"When you sail for the first time you realize that the boat has no brakes...", jokes Diego Saavedra. Despite being born in A Coruña and rowing with his father as a young man, he had never driven a boat on the open sea. In 2007, when he was just 32 years old, his life changed forever after he was diagnosed with multiple sclerosis. Their mobility was reduced thereafter. He had to resort to a wheelchair. The sea seemed to be far from his reach. But just the opposite happened: he ended up at the helm of a small sailboat with a little help.

"It's impossible to be unhappy when it makes you forget everything you've lost, everything you're missing, and still get to port," Diego confesses in the documentary Vidas contadas: 14 historias de overcome while enjoying the waves and the wind as a participant in the Healthy Physical Activity Effort program aimed at people with and without functional diversity. And he doesn't seem to be bad at all. This year, in fact, he has won the Esfuerza Nautical Open Regatta held in his city.

"Sailing gives me freedom," he sums up in Madrid at the presentation of an audiovisual project that allows us to learn about several life lessons in addition to his own. Like that of the Venezuelan Bárbara Jota, who arrived in Vigo at the age of 15 and without having heard a word of Galician in her life. "My first class at school was history," she recalls. Or that of Mari Pepa Subires, from Malaga, who suddenly found herself at home "with nothing to do or excitement" after being fired from the cleaning company where she worked. Or like that of Barcelona's Rosa Morillas, who lived the last months of her mother's life accompanied by a psychologist specialising in palliative care.

The four met yesterday at CaixaFórum Madrid to share their experiences in different social support programmes of the La Caixa Foundation, aimed at each stage of life and aimed at breaking the cycle of hereditary poverty through education, training for labour insertion, coping with loneliness or facing the grieving process.

2.7 million Spanish children live in households below the poverty line

The Keys to Social Progress event also served as an opportunity for the La Caixa Foundation to take stock of the work it carries out with a thousand entities and institutions throughout the country so that people in vulnerable situations can develop their potential.

"The inequality gap is widening, especially social exclusion," warned Elisa Durán, deputy director general of the La Caixa Foundation. "We are at a very critical moment and it is urgent to change the model," he said, after detailing that in the entire European Union only Greece, Bulgaria and Romania have worse statistics in this regard than our country. And stressing, in passing, the importance of collaborative philanthropy to raise awareness in society that "social needs are not in another part of the world, but very close to us".

At his side, Marc Simón, deputy director general of the La Caixa Foundation, offered figures on an action plan promoted with the slogan "Progress is only if we all progress". Thus, he reported that currently 2.7 million Spanish children live in households below the poverty line and that CaixaProinfancia serves more than 62,000 children in vulnerable situations and more than 38,000 families.

La Caixa Foundation also released the results of the study Dynamics of multidimensional poverty in Spain and other European countries. Based on the analysis of more than 20 European countries between 2016 and 2020, it reveals that, unlike other countries, ours did not experience a reduction in the incidence of poverty during that period.

Moreover, people living in poverty in Spain are more at risk of suffering from other deprivations such as overcrowding, low wages, low work intensity or poor health, and are less likely to stop suffering from these deprivations, compared to people who are not in poverty.

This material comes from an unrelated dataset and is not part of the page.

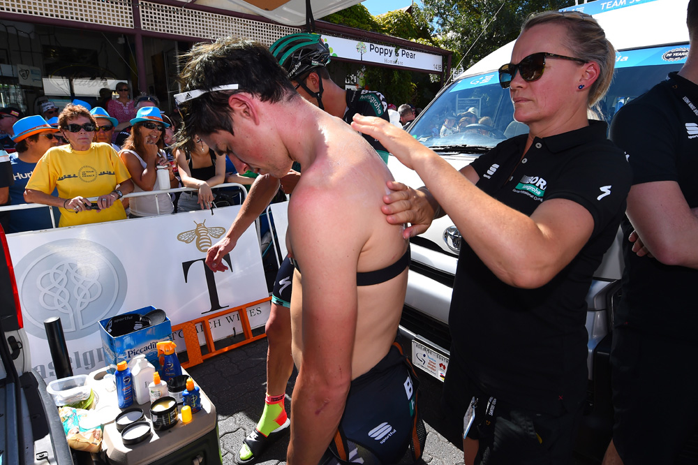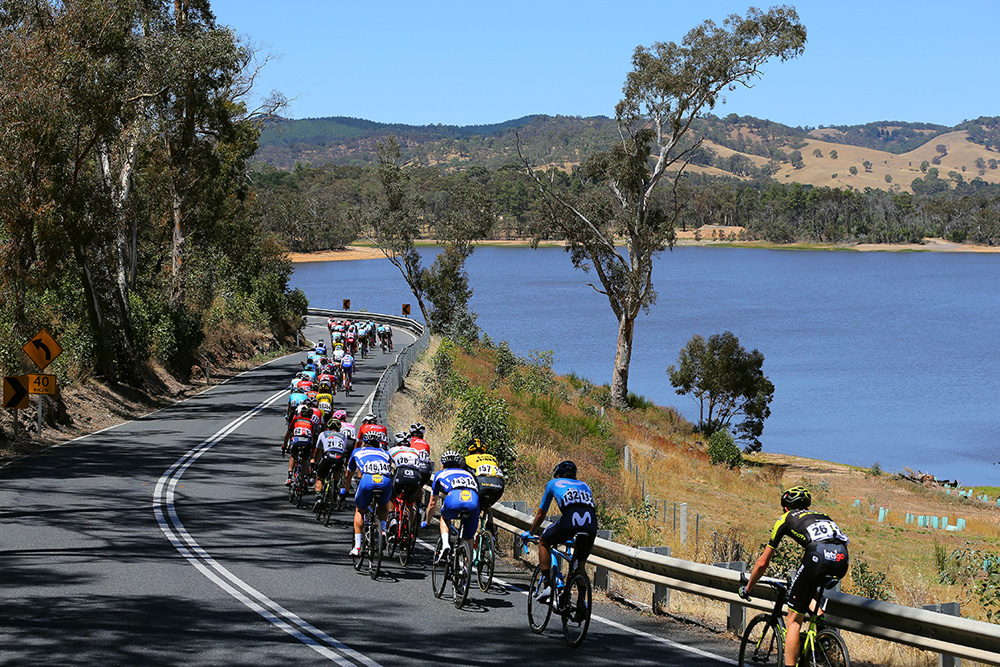 The 148.6km stage from Unley to Stirling was contested under stifling conditions with temperatures above 30 degrees. That didn't deter the escape artists, however, and as soon as the lengthy 14km neutral roll out was over a group of four slipped away.

Social progress in our societies has regressed. The glue has dried

Antón Costas, Professor of Economic Policy at the University of Barcelona

"Our parents and grandparents were able to build a social contract and as long as the glue of that social contract worked, everything got better. But something has happened from the 80s until now. Social progress in our societies has regressed. The glue has dried," denounced Antón Costas, professor of Economic Policy at the University of Barcelona and president of the Economic and Social Council of Spain.

The stories of empowerment in Vidas contadas, directed by filmmaker and photographer Xavier Menós, can be viewed on the website fundacionlacaixa.org/es/vidas-contadas. In addition to the documentary, these stories will be materialized in a calendar – with a story each month – that aims to reach more than one million Spanish households.

Bárbara is now studying to work in a biomedical laboratory in the future. Mari Pepa has once again felt useful as a volunteer for the Mi cachito de huerto project, where she teaches people with functional disabilities how to plant. And Rosa has learned to manage her emotions and look fear in the face.